BEGIN THE DATA

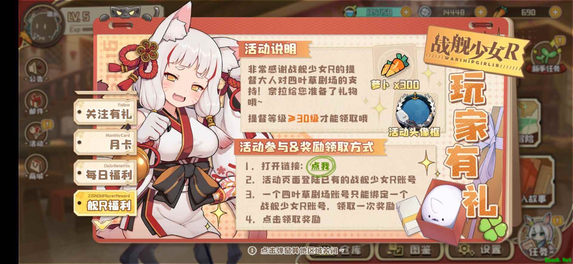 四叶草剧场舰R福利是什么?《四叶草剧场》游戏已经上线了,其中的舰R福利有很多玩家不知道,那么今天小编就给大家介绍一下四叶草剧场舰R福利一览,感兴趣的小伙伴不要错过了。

END THE DATA
BEGIN THE DATA

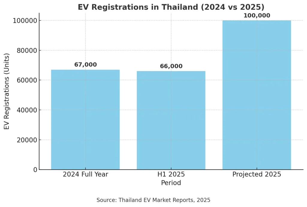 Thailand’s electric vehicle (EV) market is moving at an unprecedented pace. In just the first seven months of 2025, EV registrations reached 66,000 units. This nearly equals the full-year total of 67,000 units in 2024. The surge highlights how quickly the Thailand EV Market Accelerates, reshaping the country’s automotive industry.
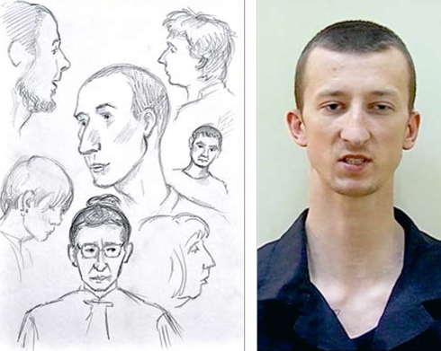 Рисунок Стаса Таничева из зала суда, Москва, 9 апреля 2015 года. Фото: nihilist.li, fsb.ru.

END THE DATA

Write out exactly the run of lines above that starts at the line containing "Thailand’s electric vehicle" and ends at the line containing "Рисунок Стаса Таничева". Include both, and leave the pictures out.

 Thailand’s electric vehicle (EV) market is moving at an unprecedented pace. In just the first seven months of 2025, EV registrations reached 66,000 units. This nearly equals the full-year total of 67,000 units in 2024. The surge highlights how quickly the Thailand EV Market Accelerates, reshaping the country’s automotive industry.
 Рисунок Стаса Таничева из зала суда, Москва, 9 апреля 2015 года. Фото: nihilist.li, fsb.ru.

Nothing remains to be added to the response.